The researchers from Geneva University claim that their findings could lead to better treatments for drug addiction, which they say affects an estimated 9 million people in Europe, according to the report.

The team focused on the part of the brain known to be involved with pleasure and addictive drugs, succeeding in repressing hyperactive cells charged up by cocaine.

Neuroscientist Christian Luscher, who led the study, said it was the first time the mechanism needed to reverse the effects had been identified.

"This is the piece of the puzzle that was not known before -- the mechanism a cell uses to get back to normal," Luscher was quoted by Swissinfo as saying.
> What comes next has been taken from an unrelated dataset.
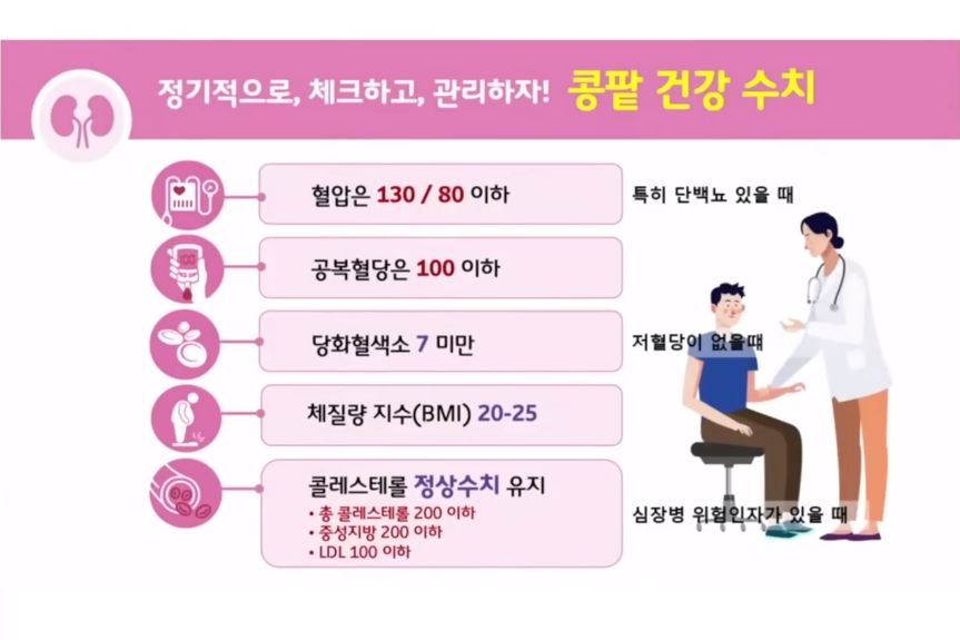 2. 콩팥병이 진단됐으면 더 나빠지지 않도록 관리하는 것. 말기 신부전증으로 가거나 합병증이 생기지 않게 또는 되도록 늦게.

According to Luscher, the research could one day make it easier to treat addicts because scientists now know what needs to be done in the brain to modify the effect of drug use.

He hopes the research will spur others to look at drug addiction as a brain disease and target treatment and studies accordingly.

The study, published in the journal Science, builds on Luscher's earlier research that identified the part of the brain where cells become excited after cocaine use. The goal this time was to figure a way of reversing the impact of cocaine on receptors in the brain.

Luscher and his team at Geneva University's department of basic neurosciences targeted the receptors that go into overdrive after cocaine use. They found that in order to correct the imbalance brought on by cocaine they needed to replace the affected receptors with new ones.

To do this, they administered a short burst of stimulation to another set of receptors to repress the hyper-charged cells.

"We have reversed the effect of cocaine and we show how the machinery in the cells has to be engaged in order to be reversed," he said.